## COLLECTED DATA
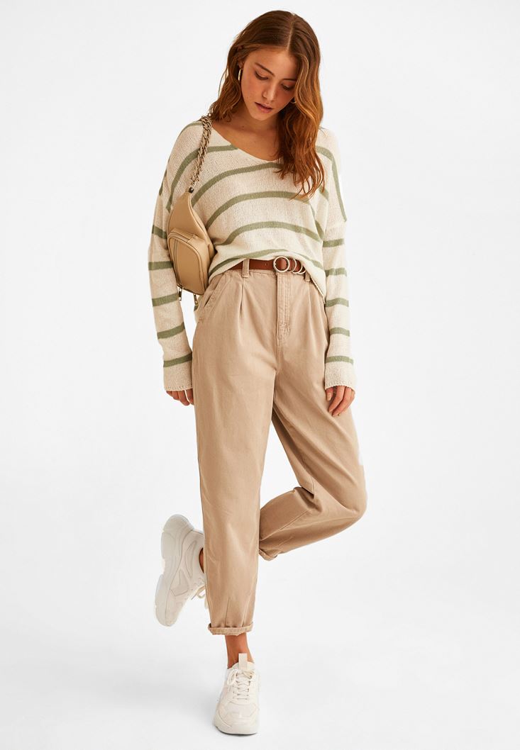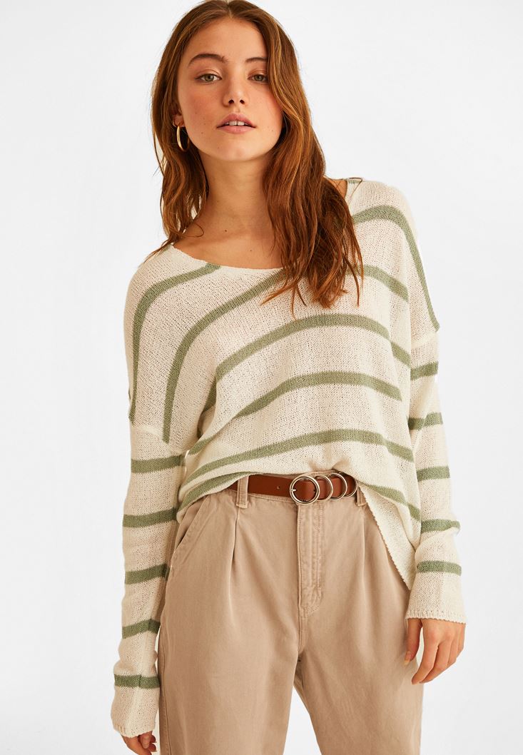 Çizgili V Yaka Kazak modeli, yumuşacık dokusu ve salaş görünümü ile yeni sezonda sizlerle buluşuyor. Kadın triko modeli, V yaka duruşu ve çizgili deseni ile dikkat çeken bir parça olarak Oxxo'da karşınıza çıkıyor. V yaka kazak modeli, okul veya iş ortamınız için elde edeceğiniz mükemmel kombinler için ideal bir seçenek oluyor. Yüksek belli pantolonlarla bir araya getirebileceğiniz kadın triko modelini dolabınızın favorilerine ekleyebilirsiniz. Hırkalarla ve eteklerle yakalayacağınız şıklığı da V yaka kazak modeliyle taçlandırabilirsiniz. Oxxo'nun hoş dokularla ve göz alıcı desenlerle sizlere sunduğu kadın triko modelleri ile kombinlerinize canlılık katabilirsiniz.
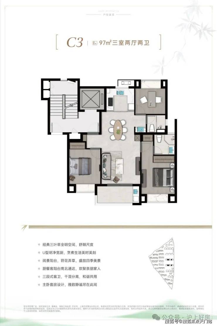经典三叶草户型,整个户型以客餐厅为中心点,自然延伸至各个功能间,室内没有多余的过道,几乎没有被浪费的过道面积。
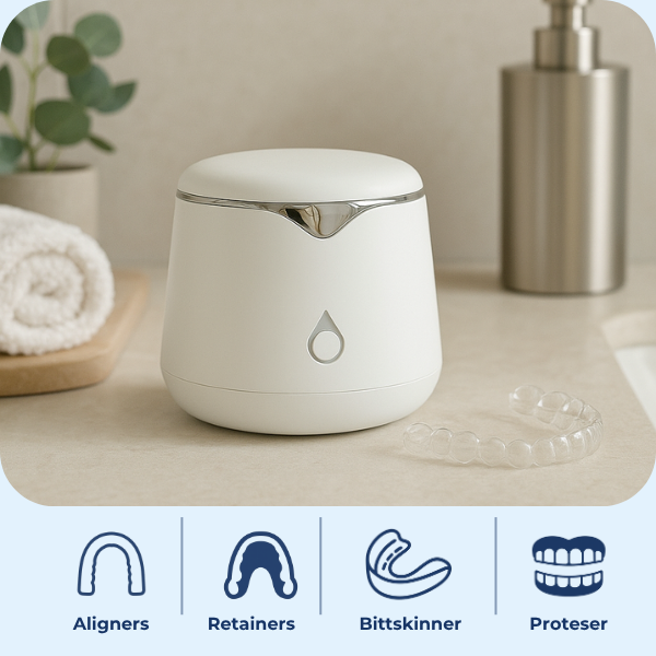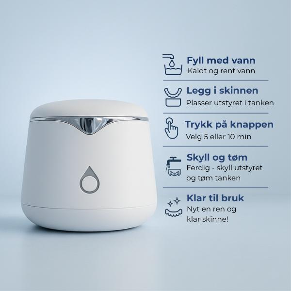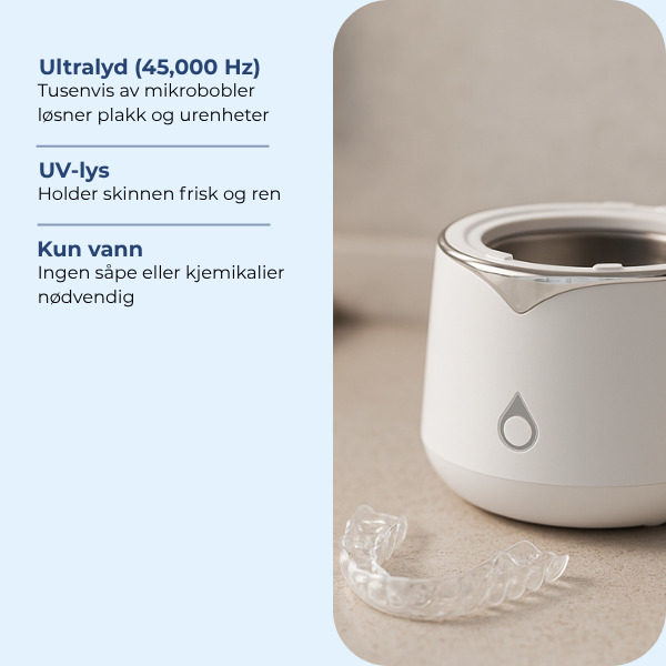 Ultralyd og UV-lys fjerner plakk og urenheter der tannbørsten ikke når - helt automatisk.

## WHAT YOU SHOULD DO
Everything from the line with "经典三叶草户型,整个户型以客" through the last line of the listing above is to be copied exactly, both ends included, except the pictures.

## ANSWER SPACE
经典三叶草户型,整个户型以客餐厅为中心点,自然延伸至各个功能间,室内没有多余的过道,几乎没有被浪费的过道面积。
 Ultralyd og UV-lys fjerner plakk og urenheter der tannbørsten ikke når - helt automatisk.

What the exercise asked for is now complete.